[Start of Attachment]
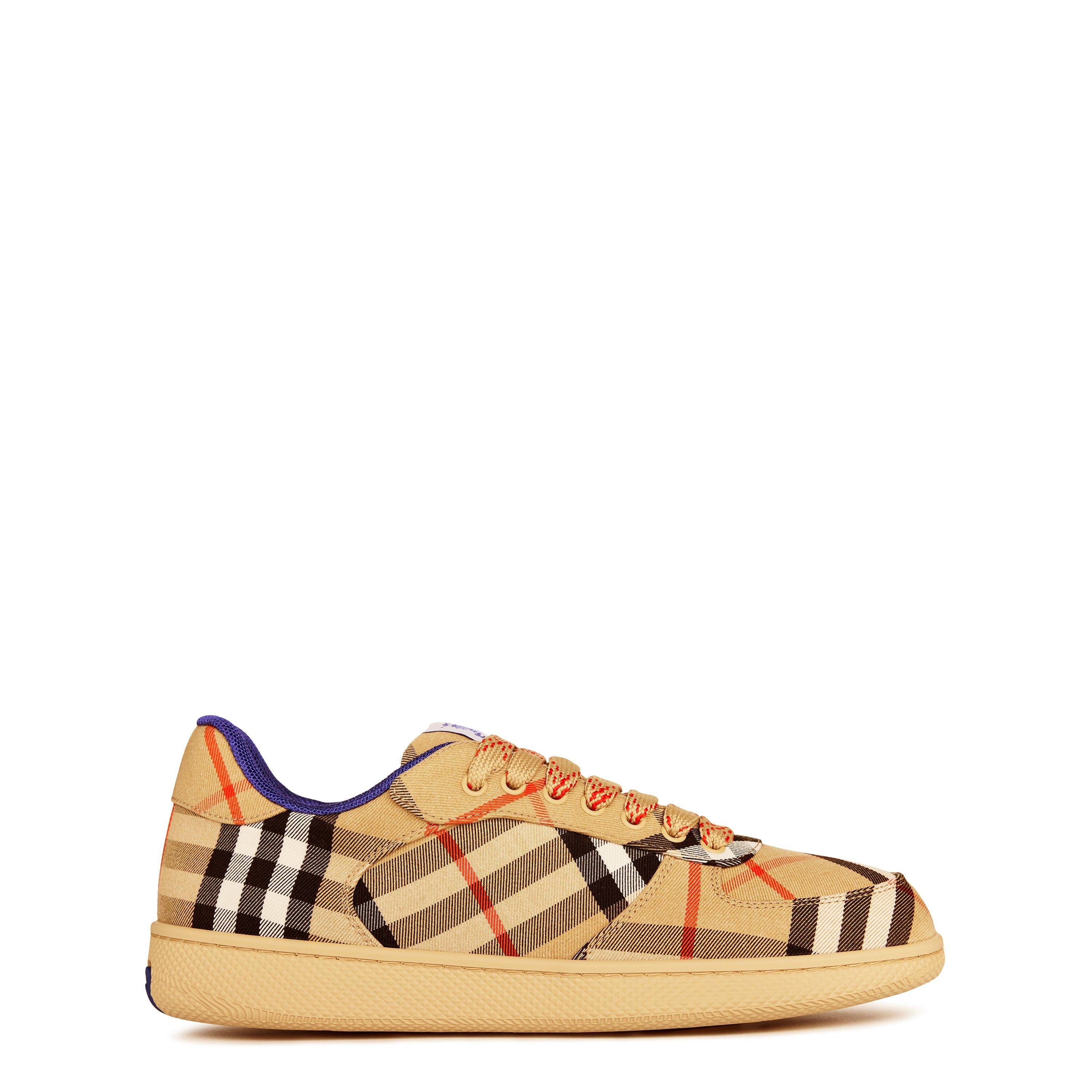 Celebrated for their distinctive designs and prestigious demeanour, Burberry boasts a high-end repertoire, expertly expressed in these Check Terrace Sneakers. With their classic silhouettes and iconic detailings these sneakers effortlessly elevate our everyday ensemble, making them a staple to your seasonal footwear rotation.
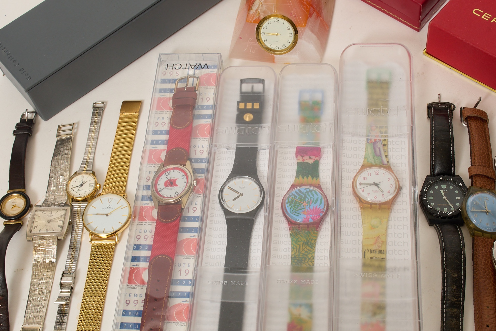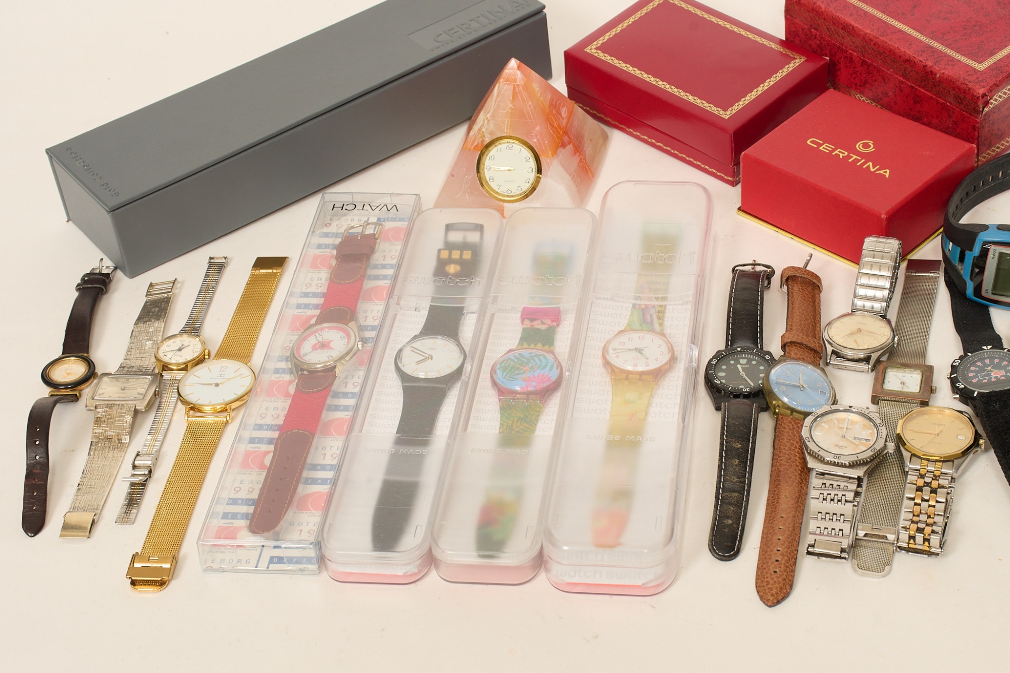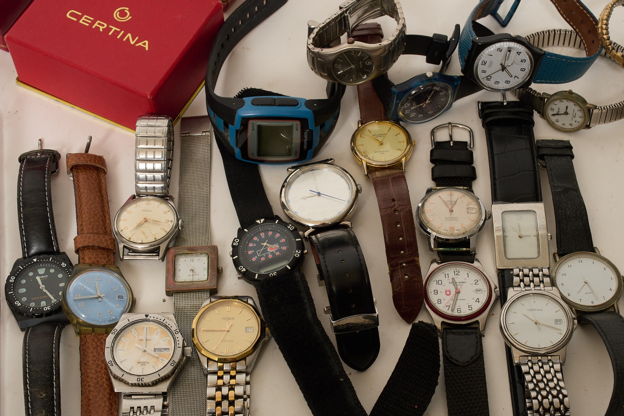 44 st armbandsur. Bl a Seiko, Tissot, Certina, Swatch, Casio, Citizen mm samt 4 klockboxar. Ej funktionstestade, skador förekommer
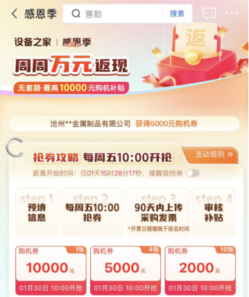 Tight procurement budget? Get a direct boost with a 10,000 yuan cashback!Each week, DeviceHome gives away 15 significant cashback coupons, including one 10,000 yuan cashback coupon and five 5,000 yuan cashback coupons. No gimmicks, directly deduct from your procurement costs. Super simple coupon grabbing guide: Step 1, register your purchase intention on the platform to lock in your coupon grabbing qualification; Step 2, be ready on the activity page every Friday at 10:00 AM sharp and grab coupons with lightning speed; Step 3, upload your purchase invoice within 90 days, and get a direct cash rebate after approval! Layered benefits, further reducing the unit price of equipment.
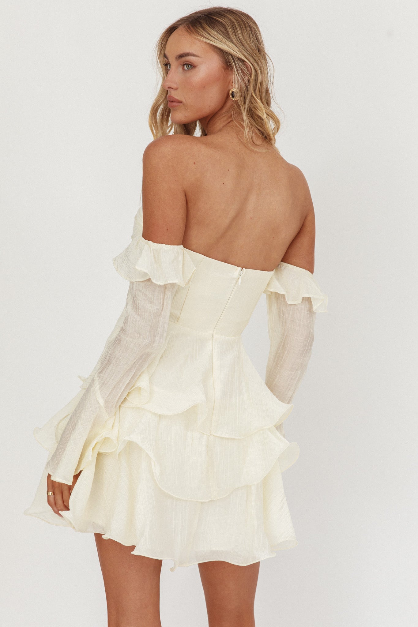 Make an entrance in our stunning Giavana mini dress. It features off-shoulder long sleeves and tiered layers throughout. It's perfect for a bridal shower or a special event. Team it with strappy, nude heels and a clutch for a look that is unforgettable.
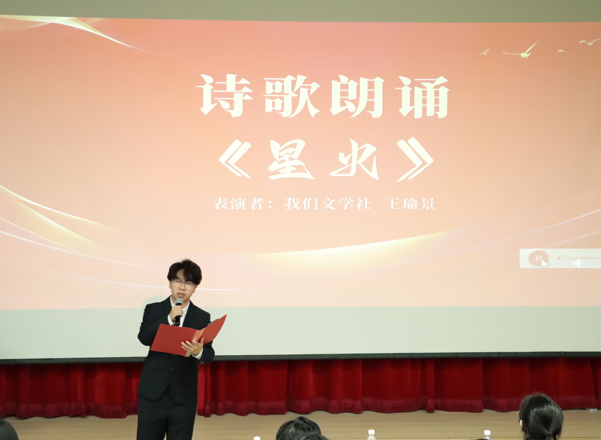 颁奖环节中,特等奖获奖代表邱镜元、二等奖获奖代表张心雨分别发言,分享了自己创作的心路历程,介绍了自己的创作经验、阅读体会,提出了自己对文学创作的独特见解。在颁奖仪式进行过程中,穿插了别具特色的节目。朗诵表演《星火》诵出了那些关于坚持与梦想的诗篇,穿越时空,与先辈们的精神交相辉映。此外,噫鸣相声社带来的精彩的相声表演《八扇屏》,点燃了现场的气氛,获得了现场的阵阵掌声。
[End of Attachment]
[Required action]: Set down word for word the lines from the opening of the entries above through the line that contains "44 st armbandsur.", and omit every picture.

[Solved exercise]:
 Celebrated for their distinctive designs and prestigious demeanour, Burberry boasts a high-end repertoire, expertly expressed in these Check Terrace Sneakers. With their classic silhouettes and iconic detailings these sneakers effortlessly elevate our everyday ensemble, making them a staple to your seasonal footwear rotation.
 44 st armbandsur. Bl a Seiko, Tissot, Certina, Swatch, Casio, Citizen mm samt 4 klockboxar. Ej funktionstestade, skador förekommer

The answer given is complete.